Vector search also has auto-scaling capabilities, which allow it to adjust to maintain performance as the deployment’s load increases. As QPS climbed from 1K to 5K, it measured auto-scaling and discovered that vector search was able to maintain consistent latency with high recall.
In order to manage larger throughput, developers can also choose alternative machine types to balance performance and cost, as well as increase the number of replicas. Because of its adaptability, vector search can be used for a variety of purposes outside of semantic search, such as chatbots, recommendation systems, multimodal search, anomaly detection, and image similarity matching.
Using hybrid search to go farther
Although dense embedding-based semantic search excels in comprehending context and meaning, it has a drawback in that it is unable to locate objects that the embedding model is unable to comprehend. Semantic search is unable to locate items such as product numbers, business codenames, or recently created phrases since the embedding model is unable to comprehend their meanings.
Developing this kind of advanced search engine is no longer a difficult undertaking with Vertex AI vector search’s hybrid search. Both dense and sparse embeddings, which stand for semantic meaning and keyword relevance, respectively, can be readily combined into a single index by developers. High-performance search apps that are completely tailored to match certain business requirements can be developed and implemented quickly thanks to this simplified process.
Vertex AI vector search pricing
The cost of Vector Search The components of the Approximate Nearest Neighbour service are:
- Pricing per node per hour for every virtual machine (VM) hosting a deployed index.

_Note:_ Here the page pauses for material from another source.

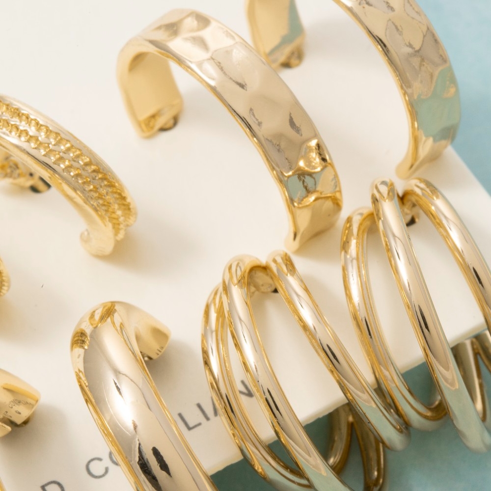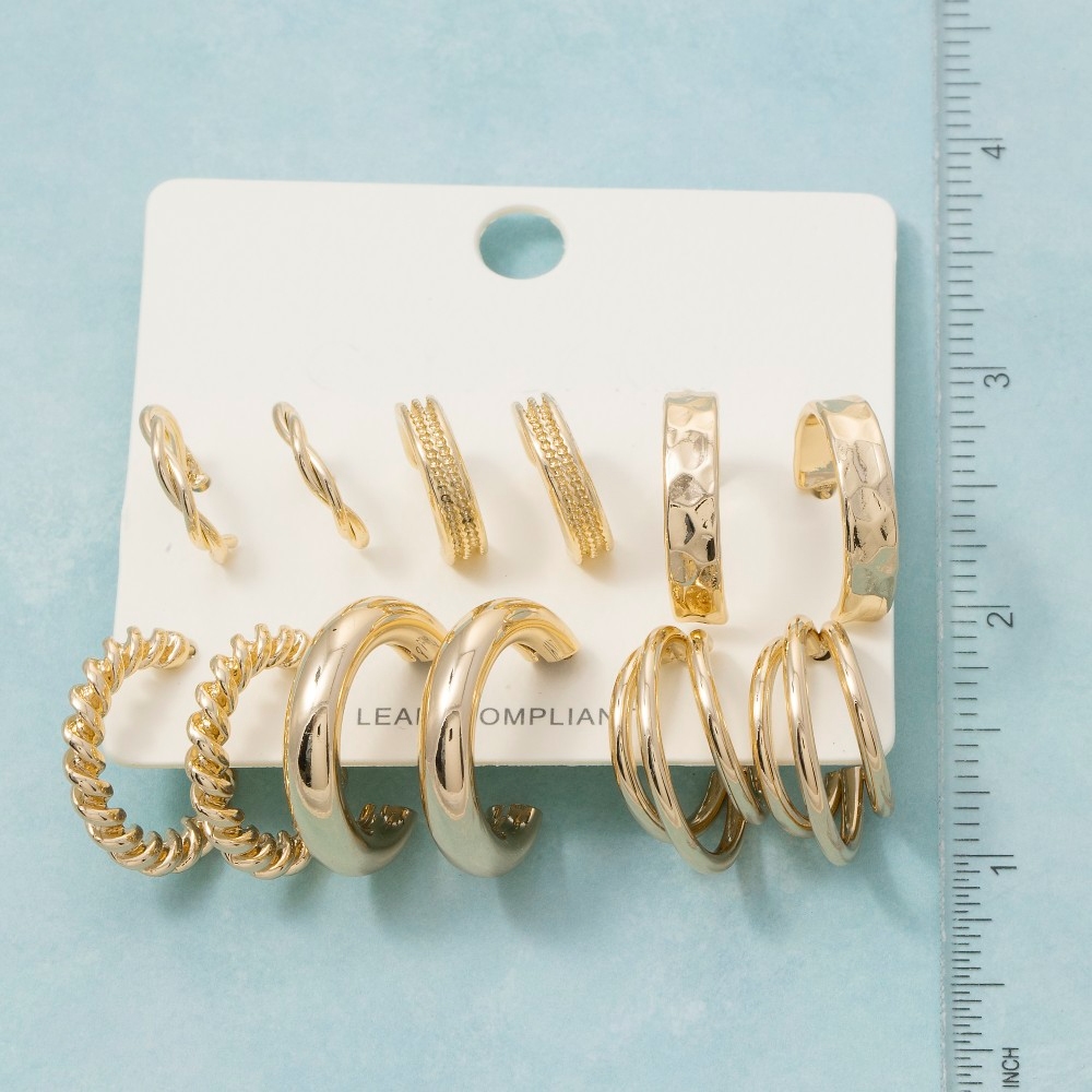 • A timeless piece that will never go out of style, this pair of hoop earrings emanates an elegant assorted 6 pair set design. Embrace fashion flexibility with this versatile pair of hoop earrings, designed to effortlessly enhance the sophistication of any outfit. This item is sold in packs of 12.

- A price for using streaming index updates, creating new indexes, and upgrading old ones.
Binary gigabytes (GiB) are used to measure the data processed during index building and updating; one GiB is equivalent to 1,073,741,824 bytes. Another name for this measuring unit is a gibibyte.
In every region, Vector Search charges $3.00 per gigabyte (GiB) of data handled. For Streaming Update inserts, Vector Search charges $0.45/GiB.